Agopyan, Ashkhen
Ashkhen Agopyan, an Armenian, resided in Odessa with her husband and two daughters. Their apartment was in a four-story building on 41 Serova St. Among Ashkhen’s neighbors and friends was Olga Rabinovich.
In the first days of the German-Soviet war both Olga’s and Ashkhen’s husbands were conscripted to the Army. Left without the breadwinners, the women and children tried to survive, supporting each other. With the occupation of Odessa by the Germans and their Romanian allies the financial hardships were supplemented by fears for the fate of Olga’s daughters, the three-year-old Dina and the baby Manya, whose father Yakov Rabinovich was a Jew. At first the authorities allowed Olga and her daughters to remain in their apartment, under the condition that Olga register daily at the police station. One day at the end of December 1941 Dina and Manya were forcefully taken from their home first to the Odessa prison, and then to the Jewish ghetto. Olga followed her children.
As soon as Ashkhen found out about their arrest she headed to the ghetto, with groceries, a blanket and some diapers for little Manya. She found Olga living in unbearable conditions: an unheated shack that served as a home for several Jewish families, without any furniture or elementary sanitation. Olga was desperate and her children cried of cold and hunger.

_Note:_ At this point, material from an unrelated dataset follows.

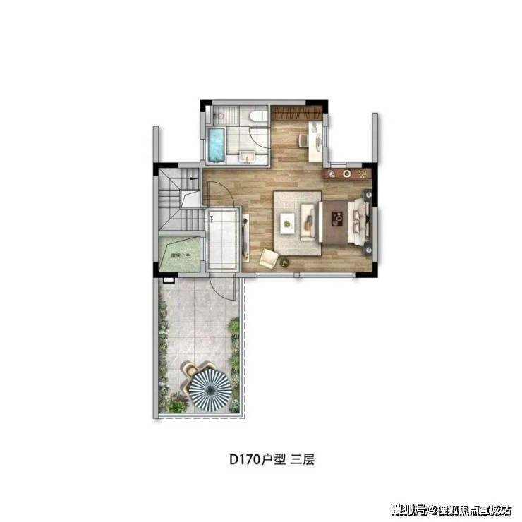 4、还有不得不说的顶层露台空间,星空露台作为现下最受人们追捧的休闲、消遣场所之一,与生活中不同的角色息息相关,赏花品茶,阅览天地宽境,深夜枕星月入眠,别有一番风味。

Ashkhen tried to calm them down by promising to help.
Over the next few months Ashkhen and her teenage daughters provided Olga with food and other necessities. Once in a while Olga would leave the children under the care of her neighbors in the ghetto and visit Ashkhen or her relatives, planning an escape.
In the summer of 1942 Olga and her daughters were transported out of the ghetto to one of the camps outside Odessa. En route, while still in the city, someone attempted an escape. Using the moment of turmoil Olga grabbed her daughters and ran. Late in the evening they came to their apartment building on 41 Serova Street;but by now others had occupied their flat.
Ashkhen and her neighbors from the ground flood, the Bilich family, led the escapees to the coal cellar, where they spent the following 18 months. Together they cleaned part of the cellar and made beds and a table out of old wooden boxes. In spite of all the efforts to turn the place into habitable living quarters, the cellar remained damp and cold, full of rats. When the cold became unbearable, Olga and her children would risk being caught and go to Ashkhen or their relatives in order to warm up.
After the liberation of Odessa, in April 1944, Ashkhen was informed by the army that her husband had died in battle. Yakov Rabinovich returned home safe and sound. Ashkhen and Olga remained friends until the latter’s early death, in 1955.
On January 17, 2010, Yad Vashem recognized Ashkhen Agopyan as a Righteous Among the Nations.